The central scenario foresees continued tensions, marked by persistent attacks and economic decline, confining the AES to a symbolic political framework without concrete military translation. Conversely, a scenario of relative stabilization could emerge if Algerian mediation succeeds in brokering a peace initiative that reduces JNIM and FLA offensives.
However, the risk of rapid deterioration remains high: a major terrorist attack on a strategic target could precipitate security and social collapse. Lastly, a rupture scenario cannot be ruled out, where an unforeseen event—such as an internal coup or social explosion—suddenly topples the ruling junta.
The Sahel at the mercy of a power vacuum: toward total regional realignment?
Assimi Goïta’s grip on power now hangs by a thread. His ability to restore credible command within a fragmented state apparatus is in question. The deaths of Sadio Camara and the sidelining of Modibo Koné have shattered the junta’s security backbone. Goïta’s prolonged absence fuels speculation and intensifies internal rivalries, opening the door to a possible overthrow. The army, weakened by purges and demoralization, is no longer a sovereignty tool but a fractured entity dependent on increasingly volatile external allies.

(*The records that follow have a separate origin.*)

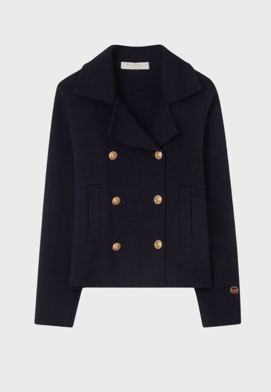 Jakken er designet med kort snitt, dekorative detaljer med seks gylne ankerknapper, og to sidelommer.
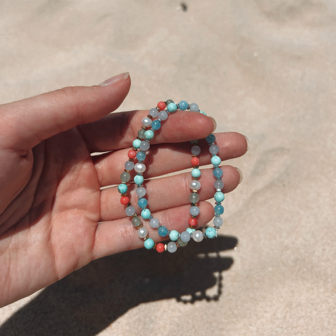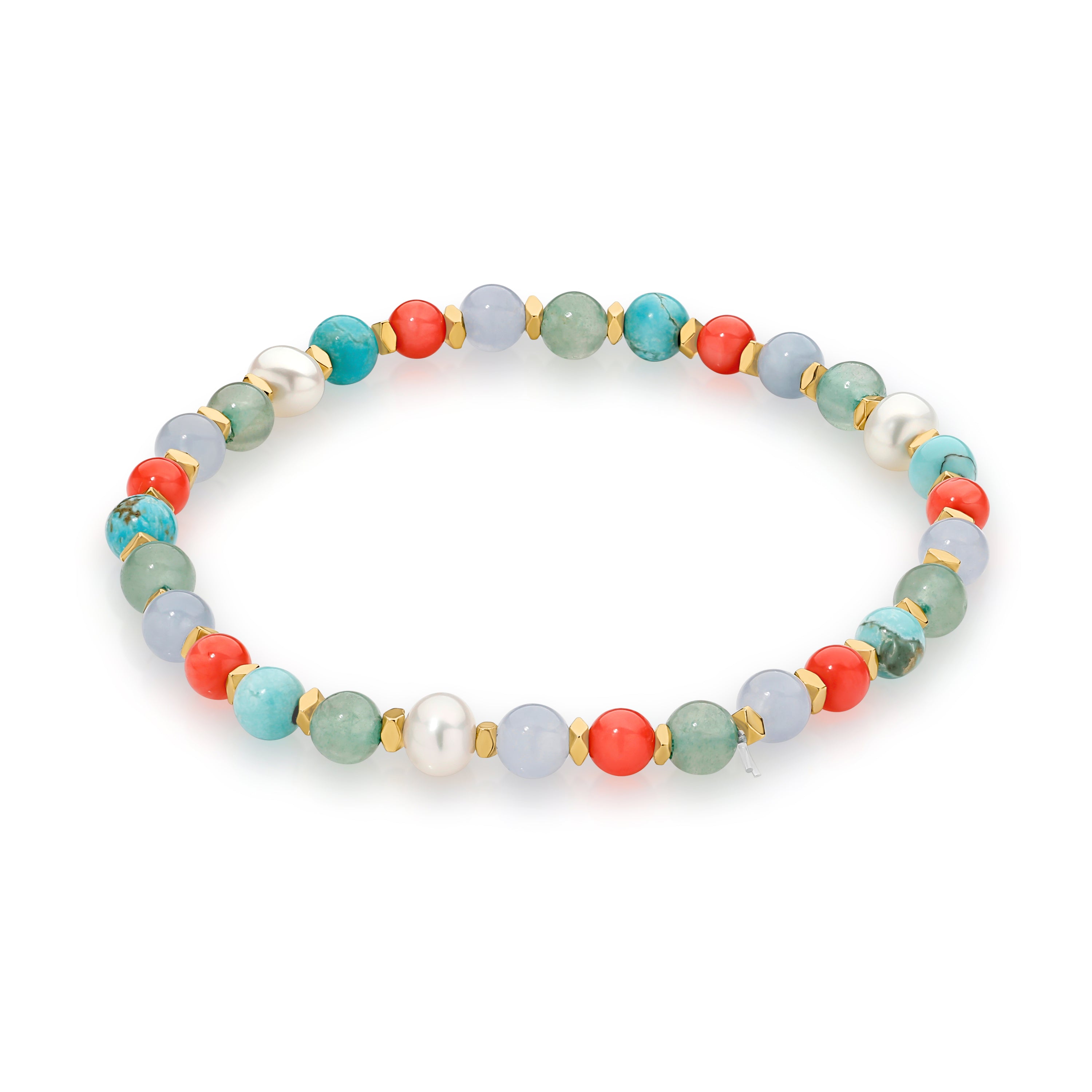 The Tulip Bracelet is a fun and colourful piece, perfect for little jewellery lovers. Featuring a playful mix of natural Bamboo Coral, Sponge Quartz, Howlite, and Green Aventurine beads, accented with delicate freshwater pearls, this elastic bracelet is both lightweight and comfortable to wear. It’s a lovely everyday accessory or a special gift for a little one who loves a bit of sparkle.
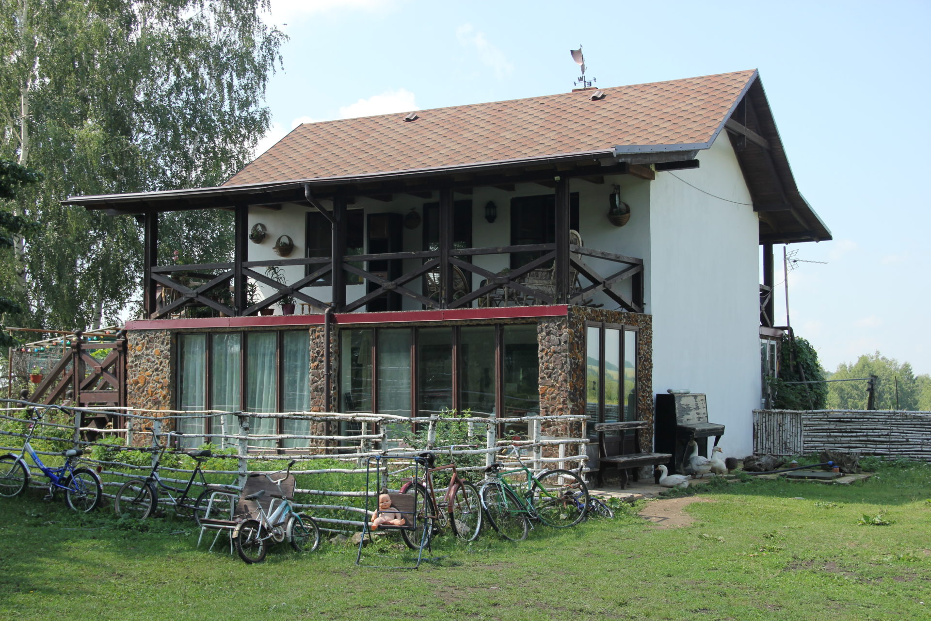 Но созерцание пейзажей – это на десерт. В просторном дворе гостей ждет масса интересных занятий. Малыши обрадуются игрушкам и машинкам, ребята постарше могут сыграть в футбол и баскетбол на площадке. А взрослые в это время имеют возможность пожарить шашлыки, раздуть самовар или просто поблаженствовать в тени на садовых качелях. У огородного плетня гнездятся сразу шесть-семь подростковых велосипедов: их Ирине Константиновне отдают все, у кого есть возможность, чтобы детям было на чем покататься. Венец летнего отдыха – деревянный стол длиной в несколько метров под густой листвой грушевых деревьев. «Зачем такой большой?» – интересуюсь я. «Иногда еще и маловат», – смеется хозяйка.
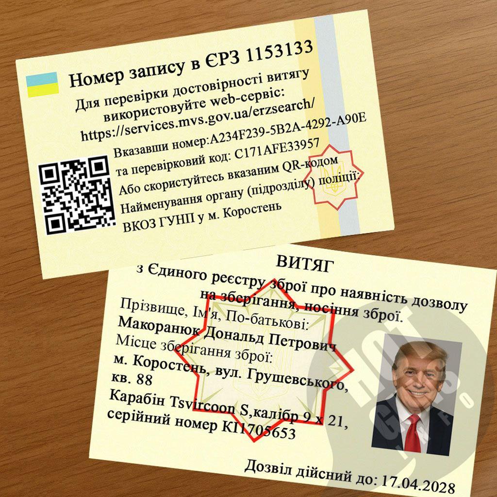 Пластиковий витяг ЕРЗ На Зброю! Тепер ваш дозвіл Завжди Буде З собою!Одна картка – одна одиниця зброї;Час виготовлення - до двух днів;Ціна 500 грн

Since 2025, the JNIM blockade around Bamako has drained the capital’s resources. The April 25 attack was proof. It exposed the regime’s vulnerability and accelerated social crisis. Mali is losing more than territory; it is losing its sovereignist narrative. The withdrawal of Africa Corps, the rise of the FLA–JNIM alliance, Turkey’s growing influence, and Algeria’s assertive diplomacy illustrate a nation that has become a battleground for external influencers. As European powers disengage from the Sahel to focus on other fronts, foreign actors are redrawing regional balances while the Malian people bear the brunt.
The population faces insecurity, diplomatic isolation, economic contraction, and a vanishing political horizon. Sovereignty is hijacked by soldiers, armed groups, or foreign powers pursuing their agendas. Democratic aspirations, already fragile since 2012, recede further.

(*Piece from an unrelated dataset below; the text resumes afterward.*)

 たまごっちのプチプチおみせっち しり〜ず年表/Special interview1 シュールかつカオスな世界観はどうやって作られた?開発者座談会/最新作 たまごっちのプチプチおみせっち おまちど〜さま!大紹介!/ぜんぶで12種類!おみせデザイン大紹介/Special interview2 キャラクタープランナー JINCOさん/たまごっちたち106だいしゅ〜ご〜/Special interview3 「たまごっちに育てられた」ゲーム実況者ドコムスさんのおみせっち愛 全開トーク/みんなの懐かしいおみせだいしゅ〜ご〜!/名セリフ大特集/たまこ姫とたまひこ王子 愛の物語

Burkina Faso appears to be the next vulnerable link in this chain. Its porous borders, advancing armed groups, weakening institutions, and increasing dependence on external partners signal a crisis that surpasses isolated episodes. The Malian crisis is no longer a standalone event but heralds a sequence of regional destabilization with repercussions far beyond the central Sahel.
Amid this peril, evaluating the risks of Sahelian evolution in terms of its impact on Europe—particularly in migration flows, illicit trafficking, and the emergence of armed groups capable of destabilizing Gulf of Guinea states—becomes imperative.
The Malian crisis thus opens a period of profound realignment where state collapse, armed actors’ rise, and competition among external powers are redrawing an unstable Sahel. Its repercussions will extend far beyond the region.